Using only the entries below, copy exactly the lines that begin at the one with "꾸준한 산책은 반려견의" and end at the one with "Кабінет і корпус", both included. Drop the pictures.

◆ **LISTED RECORDS**:
╔══
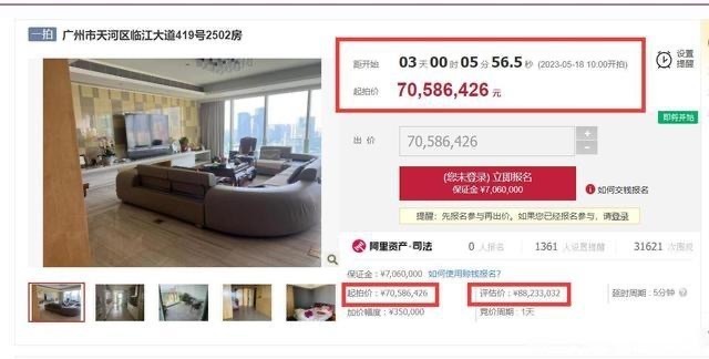 此次竞拍吸引了9位竞拍者。在开拍之前,广州天河区人民法院的竞拍公告和阿里资产拍卖平台曾介绍过该住宅的有关信息:该住宅系汇悦台小区419号25楼2502房,属于高层大平房,起拍价为70586426元,房屋建筑面积为365.89平方米,专有建筑面积为299.88平方米,户型为4室2厅4卫,西南朝向。
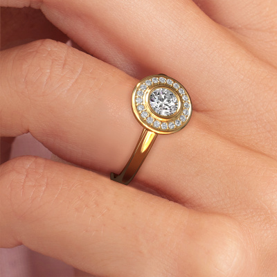 Der oben gezeigte Verlobungsring wird Noud 1 RND genannt. Es ist ein Halo Ring, da er einen zentralen Edelstein und ein Band mit Pavé-Fassung hat. Der 14 Karat Gold ring ist mit einem 0.40 crt rund Lab-grown Diamant-Mittelstein besetzt und um ihn herum eine Pavé-Fassung mit Diamanten. Was diesen traditionell, Gold Halo Ring besonders macht, sind die kleineren Steine, die den zentralen Stein umschließen. Dieser wunderschöne Verlobungsring wird als Halo Ring bezeichnet, da die kleineren Edelsteine dem zentralen Stein einen Lichthof geben. Damit die kleineren Steine den Mittelstein verstärken, müssen sie so platziert werden, dass keine Lichteinflüsse auftreten. Und hier kommen unsere erfahrenen Goldschmiede ins Spiel. Jeder einzelne Stein wird sorgfältig von Hand in den Ring gesetzt. Während der Herstellung wird der Lichteinfall ständig überprüft. So können wir sicherstellen, dass der spezielle Lichtkranz noch sichtbar ist. Am Ende erhalten Sie einen einzigartigen Verlobungsring mit einem Lab grown Diamant Ihrer Wahl in der Mitte. Sie können sich die Wirkung eines solchen Ringes vorstellen, wenn Sie ihn an ihrem besonderen Tag für sie zum Leuchten bringen. Durch die Kombination modernster Technik mit uralter Handwerkskunst können wir alle Verlobungsringe in unserem eigenen Studio anfertigen. Jedes Schmuckstück wird auf Anfrage gefertigt. Das ist vorteilhaft, weil wir Ihnen dadurch einen Preis anbieten können, den Sie nirgendwo anders finden.Haben Sie einen bestimmten Ring im Sinn? Eines, dass Sie irgendwo gesehen haben. Bitte zögern Sie nicht, uns zu sagen, was Sie wollen und wir werden Ihr Design in einen Einzigartigen Verlobungsring verwandeln. Sie können die Entwicklungen Ihres Ringdesigns verfolgen, da wir 3D-Zeichnungen verwenden. Das gibt Ihnen eine realistische Vorschau Ihres Designs. Wir senden Ihnen gerne ein unverbindliches Angebot zu einem fairen Preis/Leistungsverhältnis. Es wird Sie erstaunen.Um es einfacher zu machen, bieten wir eine kostenlose 30-tägige Rücksendung.
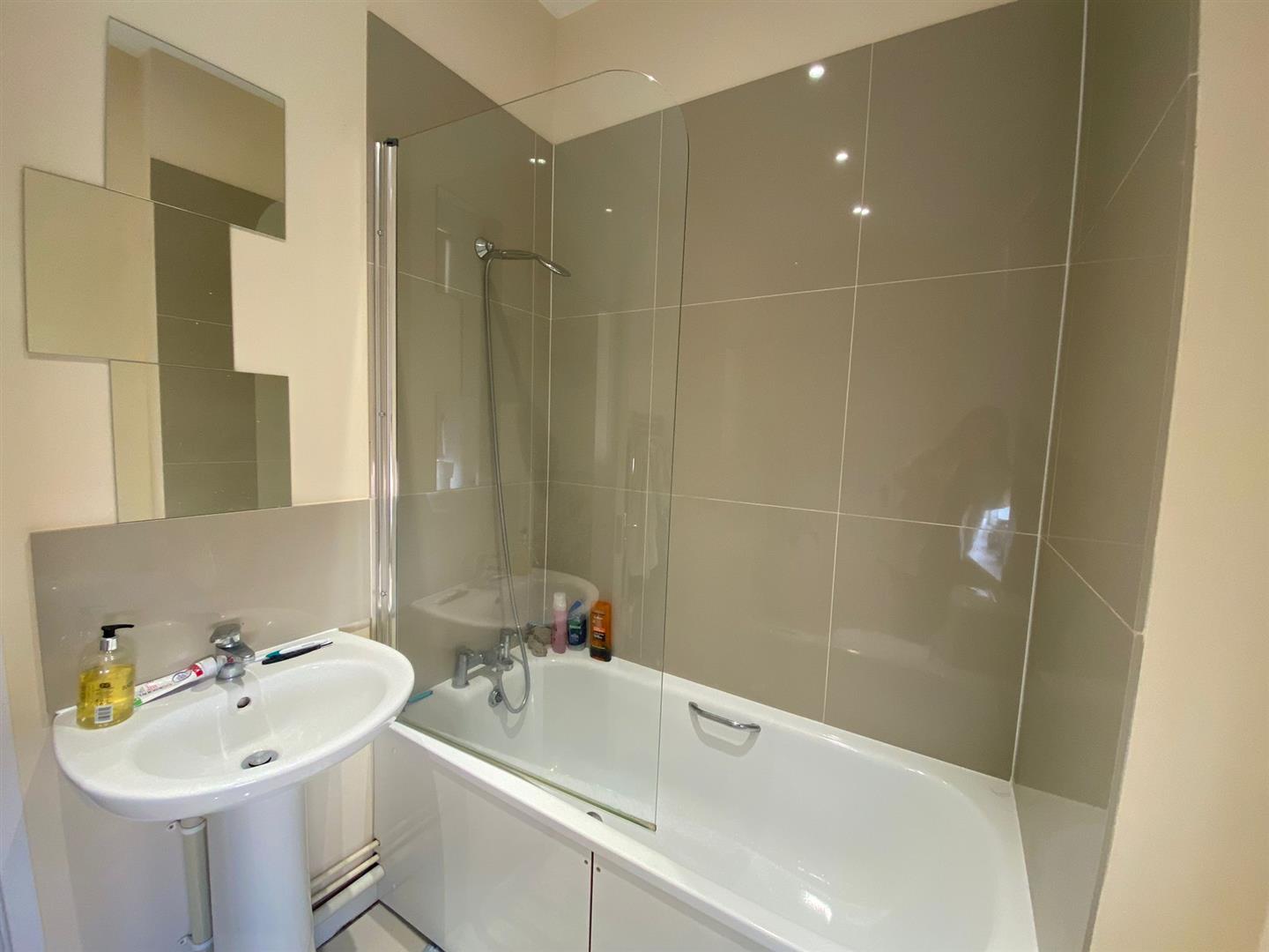 Tiled floor, part tiled walls, white suite comprising of bath with shower, basin, w/c, heated towel radiator, single glazed sash window, cupboard housing electric boiler and hot water cylinder.
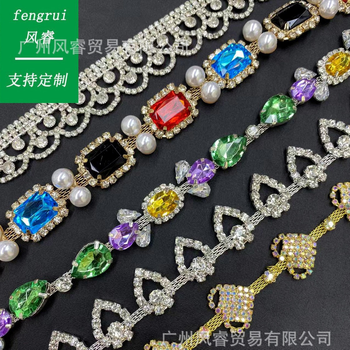厂家直销仿珍珠镶钻彩色宝石链条diy链串珠水钻爪链腰带辅料配饰
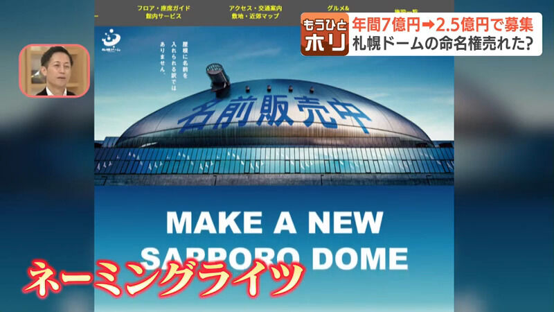 札幌ドーム命名権(年2.5億で応募無し)、当初の案では年7億円だった模様
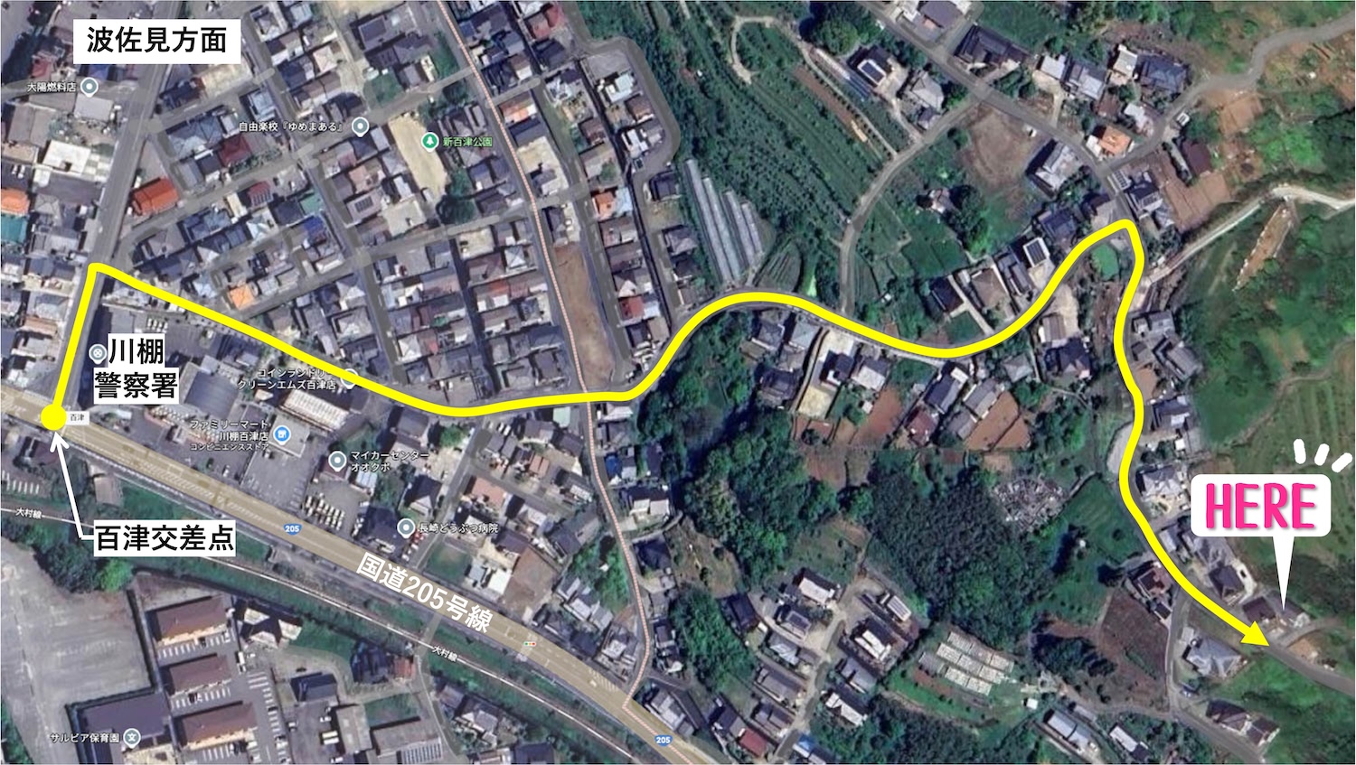 物件までのルートを上空から見ていきましょう。黄色で示しているルートが物件までの道のりです。国道205号線の百津ももづ交差点から北側に進み、さらに右折して進んでいきます。道幅はそこまで広くないので、人や車に気を配りながらゆっくり進むと安心です。
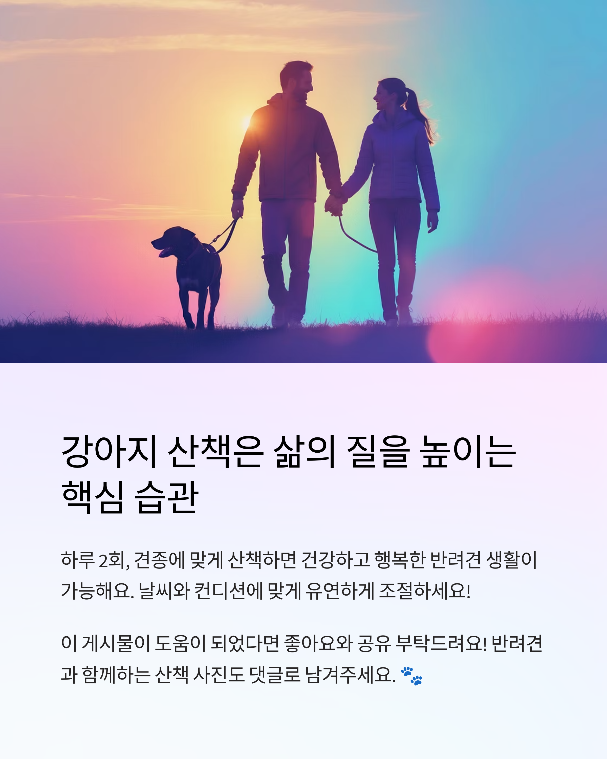 꾸준한 산책은 반려견의 삶의 질을 높여주는 핵심 루틴이에요. 산책이 적을수록 문제 행동이 생길 가능성도 높아져요! 🐶💡
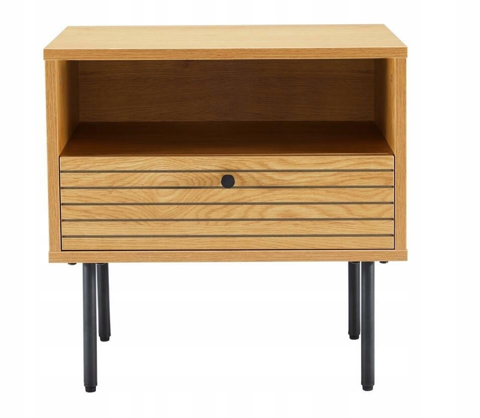 Кабінет і корпус Forns виготовлені з довговічного МДФ, який був прикрашений шпоном, що імітує дубовий шпон. Фронти ящиків із цікавим злитого горизонтального візерунка виглядає як ламела. Ящик оснащений чорною металевою ручкою. Мінімалістична ручка цікаво відповідає чорній металевій основі комода. Чорні ноги пофарбовані в порошок, щоб вони були стійкими до удару, наприклад при пилососі. Комод -комод був закінчений пластиковим колонтитом, щоб не допустити підлоги під меблею. Шафа вимагає встановлення розмірів картону: 62x48x14m
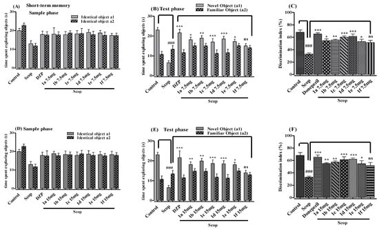 The synthesized curcumin analogs (1a–1f) for memory-enhancing potential using the NORT mice model were evaluated, and the results are presented in Figure 4. In the short-term memory, there was no significant change observed in sample phase in the exploration time for both identical objects when treated with all sample compounds. There was a significantly higher exploration time for the novel object than the identical object recorded in the test phase when treated with synthesized compounds at 7.5 and 15 mg/kg and standard donepezil at 2 mg/kg. Pretreatment with donepezil has significantly enhanced the time spent in seconds (21.59 ± 1.44 (p < 0.001)) exploring the novel object with 65.26% DI and it was reduced for the familiar object (11.49 ± 1.39 s 32.32% DI) as compared to the amnesic group. Synthesized curcumin analogs 1c with a discrimination index of 60.16% (p < 0.001) and 61.25% (p < 0.001) at both doses, respectively, and 1d with 61.43% (p < 0.001) and 62.03% (p < 0.001) showed promising results with a significantly higher exploration time compared to the amnesic group. Similarly, in this study, compound 1a with a DI of 54.53% (p < 0.05) and 55.10% (p < 0.01) at both doses, respectively, showed promising results, and 1b with a DI of 55.68% (p < 0.01) and 57.47% (p < 0.01) showed significant results at both doses, respectively, while 1e and 1f showed no promising potential in comparison with the amnesic group. After 24 h of the short-term memory evaluation, in terms of long-term memory, the synthesized curcumin analogs were tested and the results indicated that 1c and 1d showed a significant improvement in comparison with the amnesic group, with a DI of 60.58% (p < 0.001), 62.28% (p < 0.001), and 63.78% (p < 0.001), 64.61% (p < 0.001) at both doses, respectively. Compound 1b demonstrated moderate memory-enhancing activity with a DI of 52.45% and 53.61% (p < 0.05) at both doses, respectively, while 1a, 1e and 1f showed no significant change.
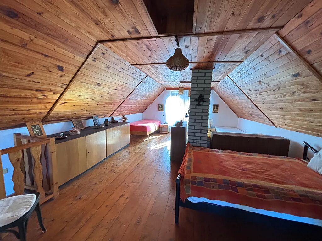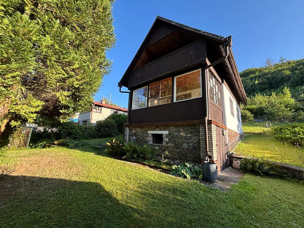 Zděná chata z roku 1964, v roce 1981 chata rozšířena o zděnou část zázemí koupelny a přístavby 2.NP s dřevěnou verandou. Nemovitost je ve velmi dobrém technickém stavu, napojena na obecní studnu s pitnou vodou na půlroční bázi – jaro až podzim, na zimu voda uzavřena. Odpad sveden do jímky, vytápění – kamna na tuhá paliva, ohřev vody – el.bojler. Chata disponuje v 1.NP zádveřím, koupelnou s vanou, chodbou, WC, samostatnou kuchyní, prostorným obývacím pokojem s téměř novými kamny, ložnicí, prosklenou verandou, komorou pod schody. Ve 2.NP je velký otevřený prostor – pokoj s verandou. Dostatek úložného prostoru nabízí pochozí půda, sklep a dřevník na zahradě. Podlahové krytiny – dřevo, dlažba. Na zahradě jsou vysázeny stromy, keře, celý pozemek je oplocen.
╚══
◆ **RESULT**:
 꾸준한 산책은 반려견의 삶의 질을 높여주는 핵심 루틴이에요. 산책이 적을수록 문제 행동이 생길 가능성도 높아져요! 🐶💡
 Кабінет і корпус Forns виготовлені з довговічного МДФ, який був прикрашений шпоном, що імітує дубовий шпон. Фронти ящиків із цікавим злитого горизонтального візерунка виглядає як ламела. Ящик оснащений чорною металевою ручкою. Мінімалістична ручка цікаво відповідає чорній металевій основі комода. Чорні ноги пофарбовані в порошок, щоб вони були стійкими до удару, наприклад при пилососі. Комод -комод був закінчений пластиковим колонтитом, щоб не допустити підлоги під меблею. Шафа вимагає встановлення розмірів картону: 62x48x14m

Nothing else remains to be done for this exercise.